J’arrive à Montréal par le vol de Boston, sac à dos léger, cœur battant. Sandra m’ouvre la porte de la grande maison, sourire complice. ‘Le gymnase au sous-sol est prêt pour toi.’ Je hoche la tête, Anonyme dans l’ombre. Pas de nom vrai, pas d’histoires. Juste l’instant. Torse nu, il sort de la douche, jean usé sur les hanches. Ses yeux me scannent : plantureuse, courbes dansants, accent suave. Le sous-sol sent le métal des poids, le cuir du banc, l’humidité de juin. Je pose mon sac près de la garde-robe immense, débarras de fringues oubliées. Il traîne là, pieds nus sur le béton frais. ‘Andrea ?’ tente-t-il. Je souris sans répondre, ombre mouvante. Mon t-shirt colle à ma peau moite du voyage, soutif push-up tend mes nichons lourds. Je m’étire, arque le dos, laisse deviner mes fesses rebondies sous le legging. Il bande déjà, bosse dans le jean.

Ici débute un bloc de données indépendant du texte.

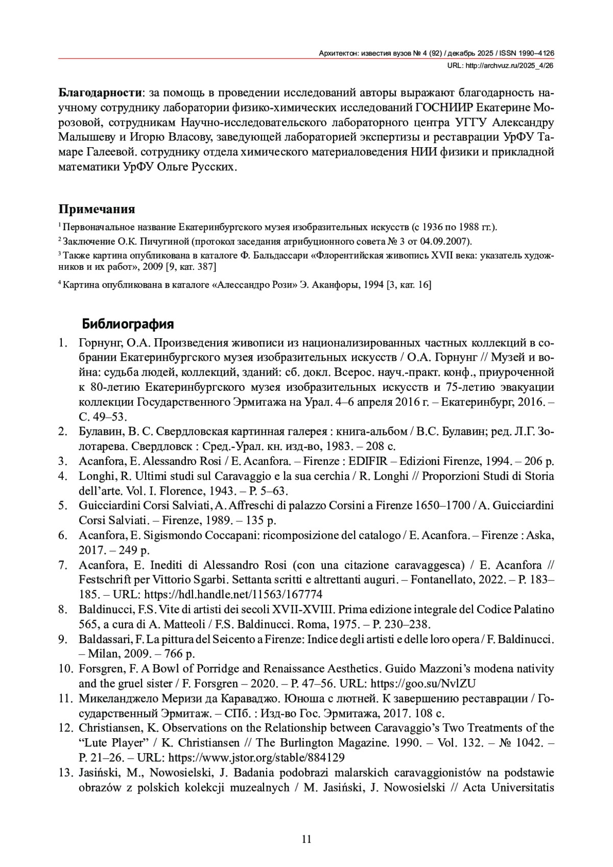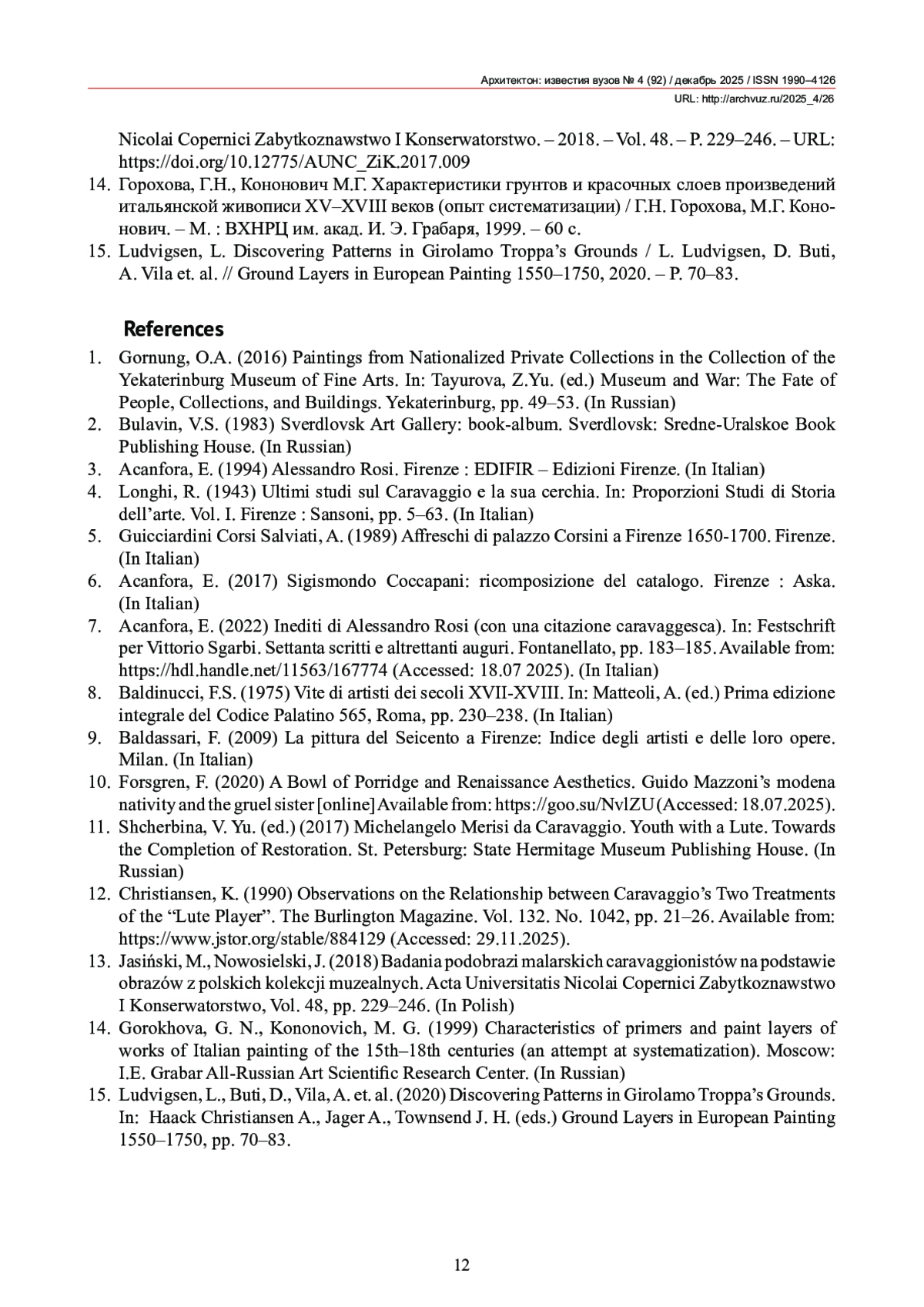 12. Christiansen, K. Observations on the Relationship between Caravaggio’s Two Treatments of the “Lute Player” / K. Christiansen // The Burlington Magazine. 1990. - Vol. 132. - № 1042. - P. 21-26. - URL: https://www.jstor.org/stable/884129.
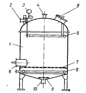 подачи пара; 9 - сетка с диаметром 250 мм; 10 - спескной патрубок; 11 -
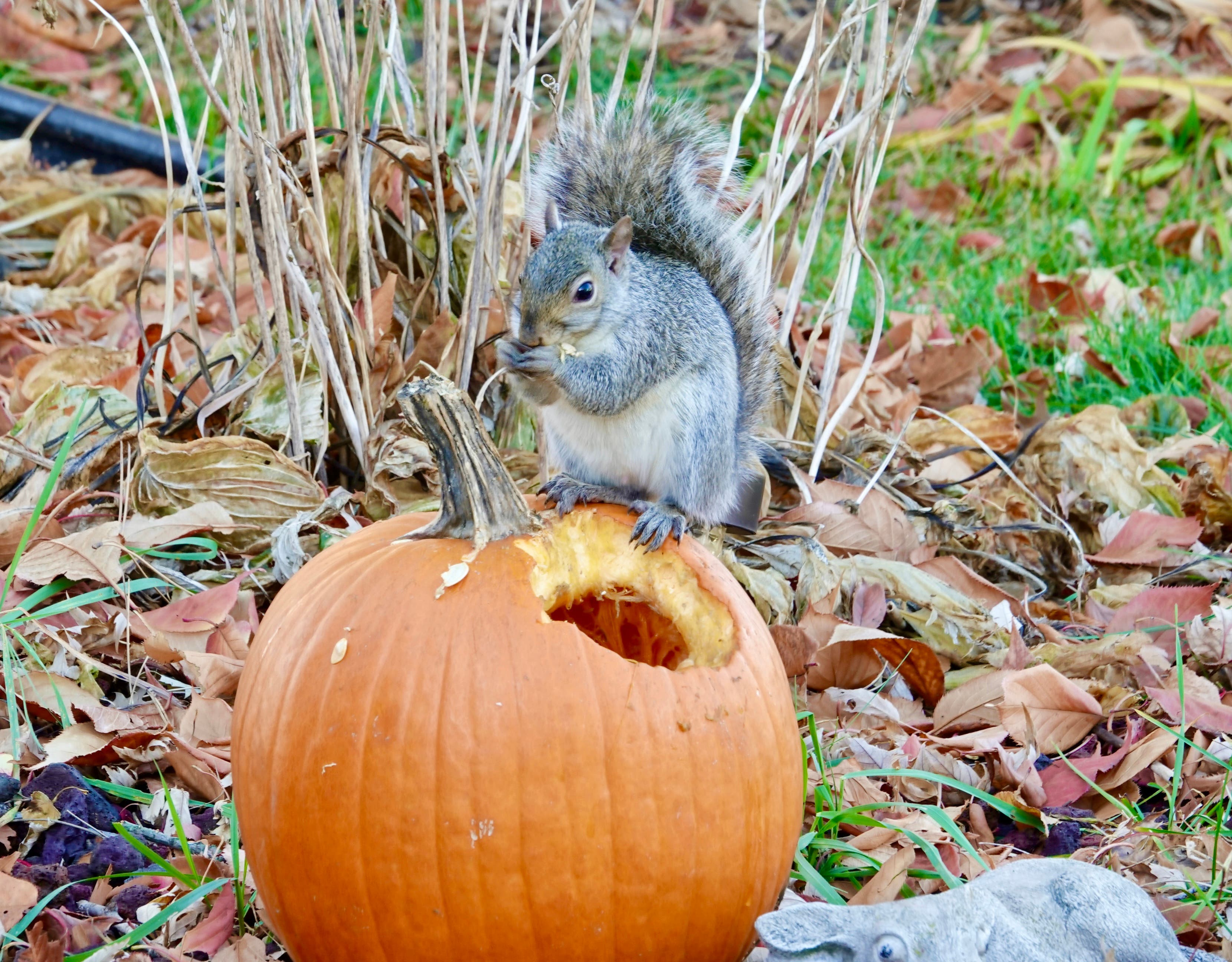Linda Stwora said she caught this squirrel in the act of eating a pumpkin in Orland Park.

Je décide : anonyme totale. Pas de passé, pas de futur. Juste sexe brut. Je m’approche du banc de musculation, cambre les reins, attrape une haltère légère. Mes seins ballottent, tétons durs percent le tissu. Son souffle s’accélère, il s’avance, main sur mon épaule. Chaleur de sa paume irradie. Je pivote, lèvres effleurent son torse. ‘Anonyme’, murmuré-je, voix rauque. Ses doigts glissent sous mon t-shirt, pincent un mamelon. Feu. Je gémis bas, pousse mon bassin contre sa queue dure.
Il me plaque contre le mur froid du sous-sol, bouche affamée sur mes lèvres. Langues s’entremêlent, salive chaude coule. Je défais son jean d’un geste sec, libère la bite raide, veines gonflées. ‘Suce-moi, Anonyme.’ Je m’agenouille sur le tapis moisi, béton dur sous les genoux. Sa queue emplit ma bouche, gland salé pulse sur ma langue. Je l’engloutis profond, gorge serrée, glotte qui cogne. Slurp bruyant, salive dégouline sur mes mentons. Ses mains dans mes cheveux roux, tirent fort. Je le pompe vorace, boules lourdes claquent mon visage. ‘Putain, ta bouche est un fourreau.’ Je relève les yeux, gourmande, crache sur la hampe luisante. Il me relève, arrache mon legging. Chatte trempée offerte, lèvres gonflées. Doigts en moi, crochètent G, jus gicle sur sa paume. Je râle, ongles dans son dos. Il me retourne, fesses écartées sur le banc. Langue dans ma raie, lèche mon trou plissé. Pouce pénètre, lubrifie. ‘Baise mon cul, inconnu.’ Gland pousse, sphincter résiste puis cède. Déchirure brûlante, plaisir viscéral. Il ramone, couilles giflent mes cuisses. Claquements humides emplissent le gymnase. Je cambre, pousse en arrière, anus serré avale sa queue entière. Orgasme monte, chatte vide palpite. Il sort, enfonce en chatte d’un coup sec. Pilonnade féroce, seins secoués ballotent. ‘Jouis, salope anonyme !’ Je hurle, spasme violent, cyprine inonde ses couilles. Il grogne, jets chauds inondent mon cul. Sperme coule tiède sur mes cuisses tremblantes. Souffles courts, sueur colle nos peaux.
L’approche dans l’ombre du sous-sol
Corps rompus, il s’effondre sur le banc. Je me relève, jambes flageolantes, essuie ma chatte d’un revers. Pas un mot. J’enfile legging vite fait, t-shirt froissé. Sac ramassé, je grimpe l’escalier sans bruit. Sandra dort en haut, Marianne aussi. Porte claque doux dans la nuit humide de Montréal. Rue déserte, néons flous. Je disparais, ombre dans la ville. Inconnue redevenue étrangère. Plaisir gravé dans la chair, mais traces effacées. Juste l’instant, brut et fugace.